Keywords: Gundelia tournefortii, GLUT4, fractionation, diabetes mellitus, phytochemicals

1. Introduction

Type 2 diabetes (T2D) is one of the leading causes of early mortality and morbidity globally, and is associated with various critical complications including, but not limited to, neuropathy, cardiovascular diseases [1] and hyperuricemia [2,3]. According to the World Health Organization (WHO), more than 422 million people worldwide were diabetic in 2014, and this number is expected to double in 2040. The prevalence of diabetes is the highest in the Middle East (13.7% in 2014), where the number of diabetic patients reached 43 million in 2014 [4,5]. T2D is mainly characterized by insulin resistance in hepatocytes, adipocytes, and myocytes [6,7]. Insulin resistance in skeletal muscle plays a critical role in the development of T2D. Insulin-stimulated glucose uptake into muscle cells accounts for approximately 75% of whole-body insulin-activated glucose disposal and nutrient utilization. In healthy subjects, insulin stimulates the mobilization of glucose transporter type 4 (GLUT4) to the surface of muscle fibers, and thereby enhances glucose uptake. Unfortunately, this process is impaired in patients with insulin resistance and diabetes [6].

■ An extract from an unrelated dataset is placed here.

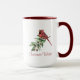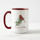 Une belle impression classique de Noël. Le design présente un cardinal rouge aquarelle au centre, assis sur une branche feutrée. Les mots "voeux de Noël" sont en rouge foncé, sous la lettre. Le message peut être customisé.

The GLUT4 protein is expressed in cardiac and skeletal muscles, as well as brown and white adipocytes [6]. Unlike most other cells in which GLUTs are unregulated, GLUT4 distribution on the surface of muscle, liver, and fat cells is rapidly up-regulated several times in response to insulin and exercise. This process is known as GLUT4 translocation, as it largely requires changes in the distribution of GLUT4 between intracellular compartments and the plasma membrane (PM) [6,7].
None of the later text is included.